EXERCISE DESCRIPTION: What is needed here is an exact repetition of the records below, beginning at the line that has "7月24日讯今日,生物制品板" and stopping after the line that has "OBJ950-MA je luxusní".

SUPPLIED INFORMATION:
+---+
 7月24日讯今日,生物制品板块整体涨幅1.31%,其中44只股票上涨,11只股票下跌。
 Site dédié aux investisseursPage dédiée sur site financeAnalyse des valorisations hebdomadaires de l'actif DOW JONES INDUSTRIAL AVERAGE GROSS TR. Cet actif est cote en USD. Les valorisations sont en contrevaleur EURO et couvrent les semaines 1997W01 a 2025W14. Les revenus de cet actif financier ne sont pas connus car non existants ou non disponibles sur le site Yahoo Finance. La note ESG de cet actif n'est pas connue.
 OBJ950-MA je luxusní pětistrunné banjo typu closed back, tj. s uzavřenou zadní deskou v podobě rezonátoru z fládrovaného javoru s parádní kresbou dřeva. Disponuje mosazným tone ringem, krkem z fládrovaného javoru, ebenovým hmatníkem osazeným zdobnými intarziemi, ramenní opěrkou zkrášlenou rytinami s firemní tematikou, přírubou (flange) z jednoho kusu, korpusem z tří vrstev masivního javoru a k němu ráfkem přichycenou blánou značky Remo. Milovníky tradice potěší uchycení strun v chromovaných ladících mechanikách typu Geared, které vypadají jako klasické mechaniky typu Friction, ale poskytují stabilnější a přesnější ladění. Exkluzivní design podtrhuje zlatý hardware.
+---+
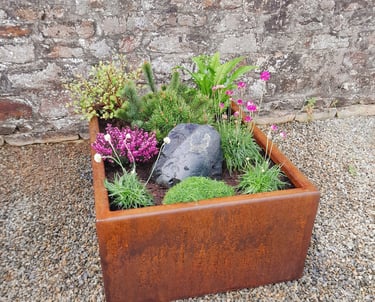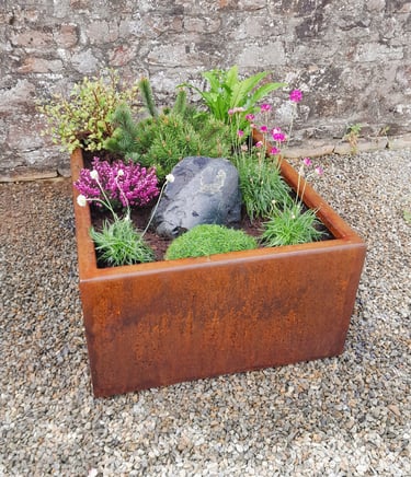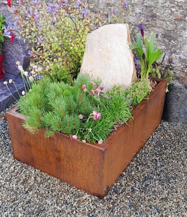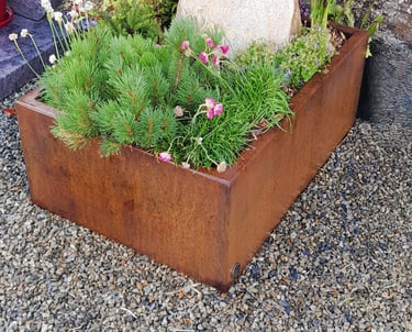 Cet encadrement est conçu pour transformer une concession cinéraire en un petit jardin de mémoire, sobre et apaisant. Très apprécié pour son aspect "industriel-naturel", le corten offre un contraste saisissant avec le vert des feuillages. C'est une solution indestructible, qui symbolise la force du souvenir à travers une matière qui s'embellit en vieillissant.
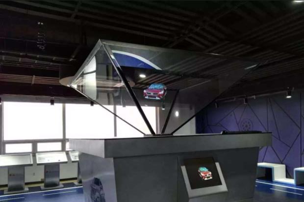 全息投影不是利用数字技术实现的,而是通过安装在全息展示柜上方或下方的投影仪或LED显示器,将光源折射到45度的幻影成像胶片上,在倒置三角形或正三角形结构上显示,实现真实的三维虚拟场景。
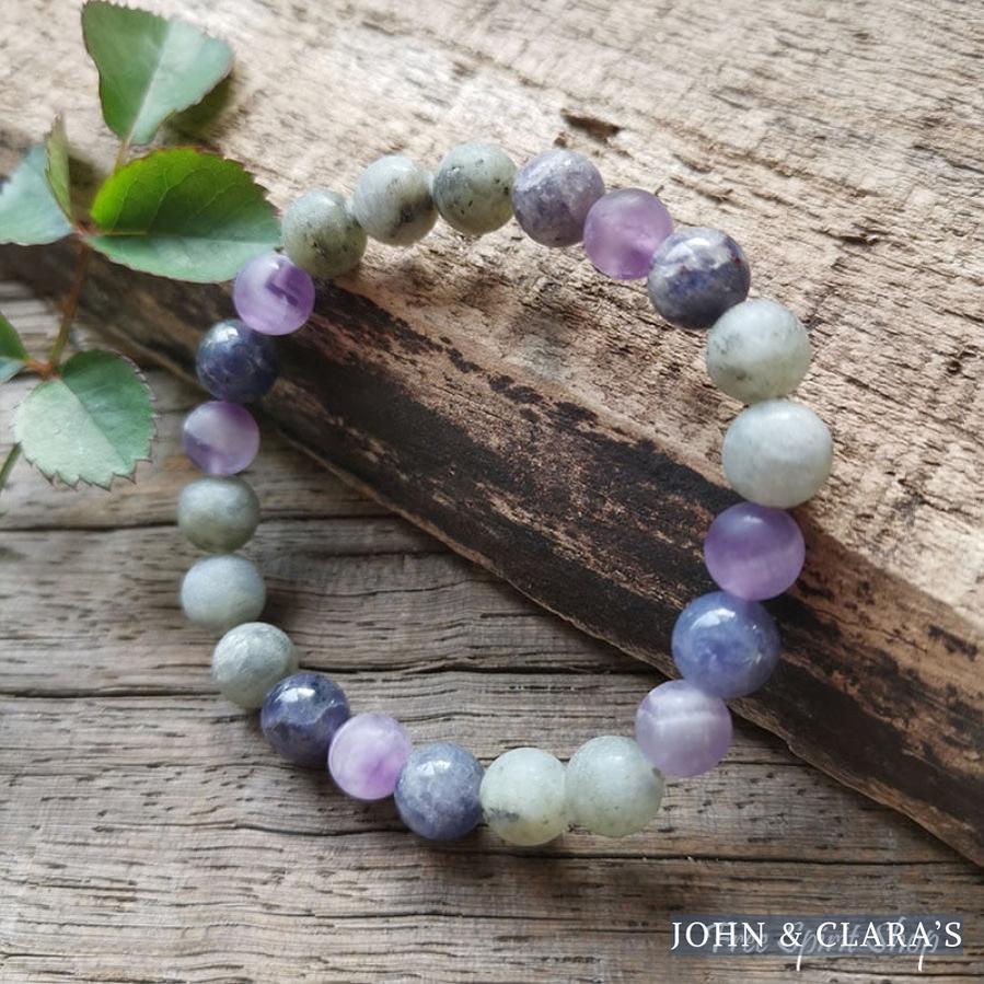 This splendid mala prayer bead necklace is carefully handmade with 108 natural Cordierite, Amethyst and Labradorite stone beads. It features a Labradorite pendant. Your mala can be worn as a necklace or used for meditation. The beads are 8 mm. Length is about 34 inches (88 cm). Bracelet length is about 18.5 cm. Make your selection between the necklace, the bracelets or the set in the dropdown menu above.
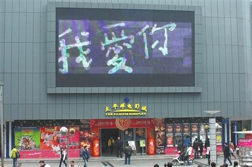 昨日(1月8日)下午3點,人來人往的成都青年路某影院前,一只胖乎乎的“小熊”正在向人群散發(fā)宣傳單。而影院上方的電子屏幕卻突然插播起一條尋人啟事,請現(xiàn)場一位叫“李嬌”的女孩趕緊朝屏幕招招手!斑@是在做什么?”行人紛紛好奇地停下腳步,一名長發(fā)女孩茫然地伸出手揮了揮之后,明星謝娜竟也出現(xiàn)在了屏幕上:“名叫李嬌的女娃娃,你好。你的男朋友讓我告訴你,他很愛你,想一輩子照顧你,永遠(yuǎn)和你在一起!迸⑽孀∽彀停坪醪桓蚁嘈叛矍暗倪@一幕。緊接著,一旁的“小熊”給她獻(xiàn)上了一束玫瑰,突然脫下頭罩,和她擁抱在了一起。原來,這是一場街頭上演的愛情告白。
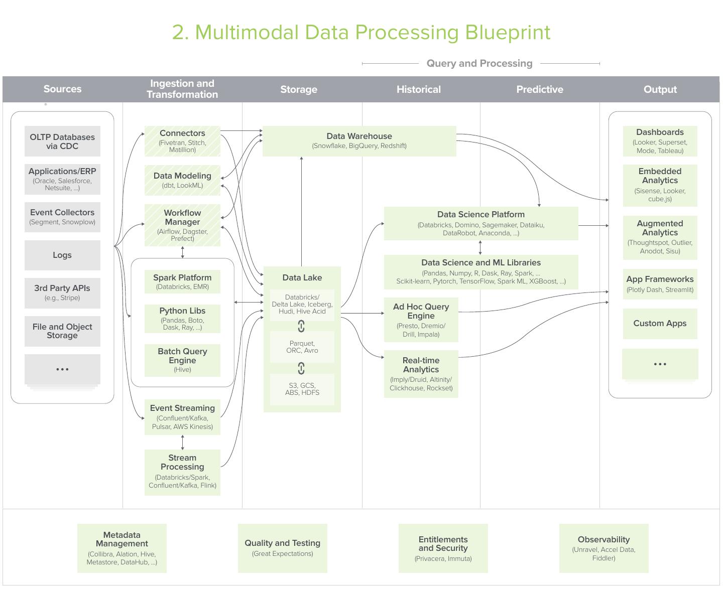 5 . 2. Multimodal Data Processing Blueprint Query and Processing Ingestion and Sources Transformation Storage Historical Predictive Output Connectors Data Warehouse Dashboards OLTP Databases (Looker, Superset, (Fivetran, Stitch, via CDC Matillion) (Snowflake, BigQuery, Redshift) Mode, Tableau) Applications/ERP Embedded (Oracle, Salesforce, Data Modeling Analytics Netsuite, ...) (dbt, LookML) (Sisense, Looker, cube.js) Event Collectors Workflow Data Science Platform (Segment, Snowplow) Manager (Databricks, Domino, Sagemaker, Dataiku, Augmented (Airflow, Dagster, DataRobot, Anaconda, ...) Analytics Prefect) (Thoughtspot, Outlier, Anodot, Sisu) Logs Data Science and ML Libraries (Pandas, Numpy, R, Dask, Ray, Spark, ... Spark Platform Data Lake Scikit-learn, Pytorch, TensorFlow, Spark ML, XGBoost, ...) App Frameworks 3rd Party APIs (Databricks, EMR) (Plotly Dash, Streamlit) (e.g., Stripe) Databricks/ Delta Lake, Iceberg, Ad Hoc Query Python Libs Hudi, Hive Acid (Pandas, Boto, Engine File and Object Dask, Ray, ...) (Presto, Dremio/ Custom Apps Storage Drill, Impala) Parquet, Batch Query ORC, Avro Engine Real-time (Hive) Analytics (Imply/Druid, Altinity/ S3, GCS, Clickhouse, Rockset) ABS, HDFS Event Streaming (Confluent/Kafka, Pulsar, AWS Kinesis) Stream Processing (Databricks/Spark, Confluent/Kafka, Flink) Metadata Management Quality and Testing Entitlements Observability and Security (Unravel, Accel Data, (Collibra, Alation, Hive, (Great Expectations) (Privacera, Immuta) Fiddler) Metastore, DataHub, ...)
+---+
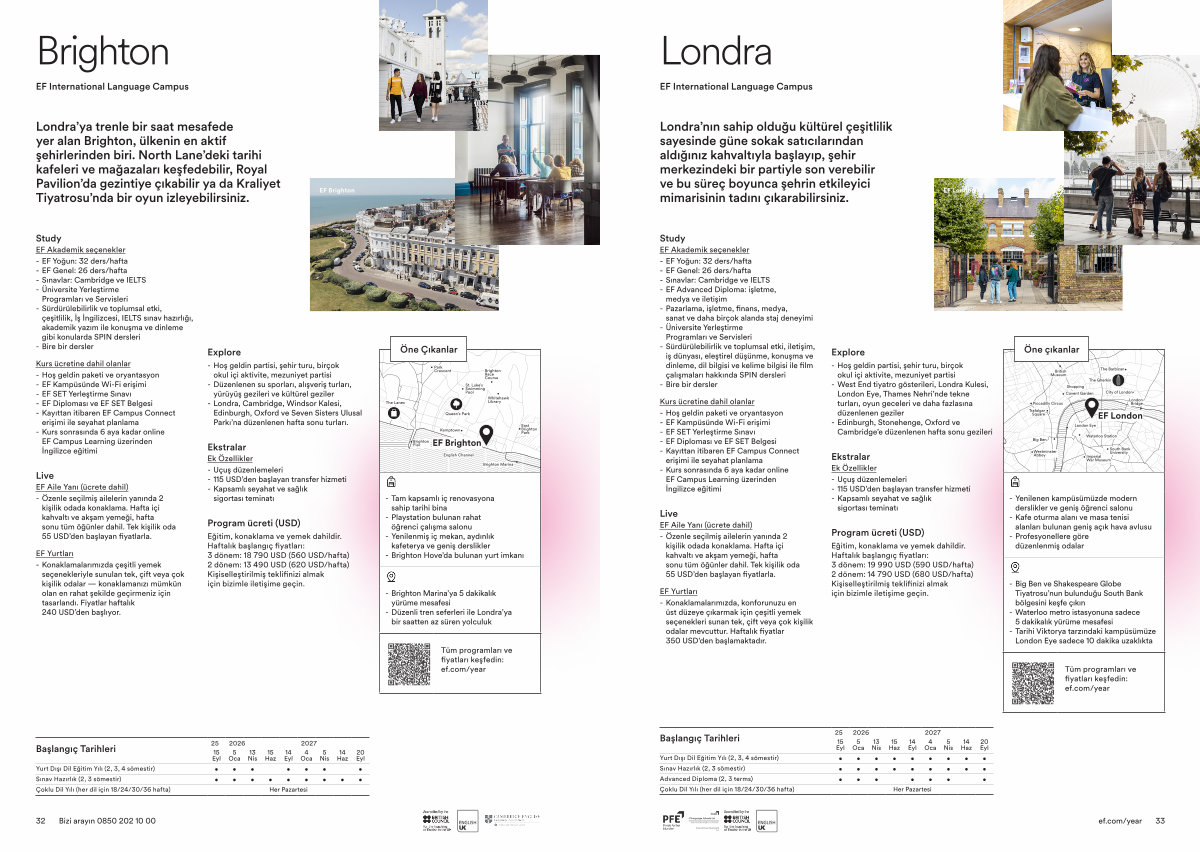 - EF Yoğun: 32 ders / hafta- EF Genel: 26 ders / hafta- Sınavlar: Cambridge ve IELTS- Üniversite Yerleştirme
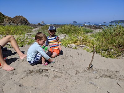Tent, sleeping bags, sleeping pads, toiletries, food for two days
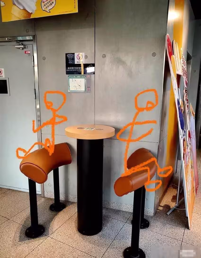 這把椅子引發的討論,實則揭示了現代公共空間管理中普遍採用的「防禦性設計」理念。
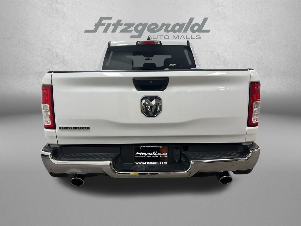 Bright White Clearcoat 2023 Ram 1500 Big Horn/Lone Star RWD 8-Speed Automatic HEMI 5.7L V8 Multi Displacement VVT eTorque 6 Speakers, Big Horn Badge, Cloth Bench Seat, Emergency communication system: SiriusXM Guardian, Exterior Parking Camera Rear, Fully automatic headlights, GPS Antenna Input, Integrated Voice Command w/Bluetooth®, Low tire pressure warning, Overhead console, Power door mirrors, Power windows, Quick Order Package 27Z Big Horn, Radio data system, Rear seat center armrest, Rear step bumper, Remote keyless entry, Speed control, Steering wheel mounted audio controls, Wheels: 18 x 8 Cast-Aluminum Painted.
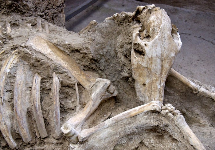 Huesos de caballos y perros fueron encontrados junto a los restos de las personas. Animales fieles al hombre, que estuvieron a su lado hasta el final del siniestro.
+---+
EXERCISE RESPONSE:
 7月24日讯今日,生物制品板块整体涨幅1.31%,其中44只股票上涨,11只股票下跌。
 Site dédié aux investisseursPage dédiée sur site financeAnalyse des valorisations hebdomadaires de l'actif DOW JONES INDUSTRIAL AVERAGE GROSS TR. Cet actif est cote en USD. Les valorisations sont en contrevaleur EURO et couvrent les semaines 1997W01 a 2025W14. Les revenus de cet actif financier ne sont pas connus car non existants ou non disponibles sur le site Yahoo Finance. La note ESG de cet actif n'est pas connue.
 OBJ950-MA je luxusní pětistrunné banjo typu closed back, tj. s uzavřenou zadní deskou v podobě rezonátoru z fládrovaného javoru s parádní kresbou dřeva. Disponuje mosazným tone ringem, krkem z fládrovaného javoru, ebenovým hmatníkem osazeným zdobnými intarziemi, ramenní opěrkou zkrášlenou rytinami s firemní tematikou, přírubou (flange) z jednoho kusu, korpusem z tří vrstev masivního javoru a k němu ráfkem přichycenou blánou značky Remo. Milovníky tradice potěší uchycení strun v chromovaných ladících mechanikách typu Geared, které vypadají jako klasické mechaniky typu Friction, ale poskytují stabilnější a přesnější ladění. Exkluzivní design podtrhuje zlatý hardware.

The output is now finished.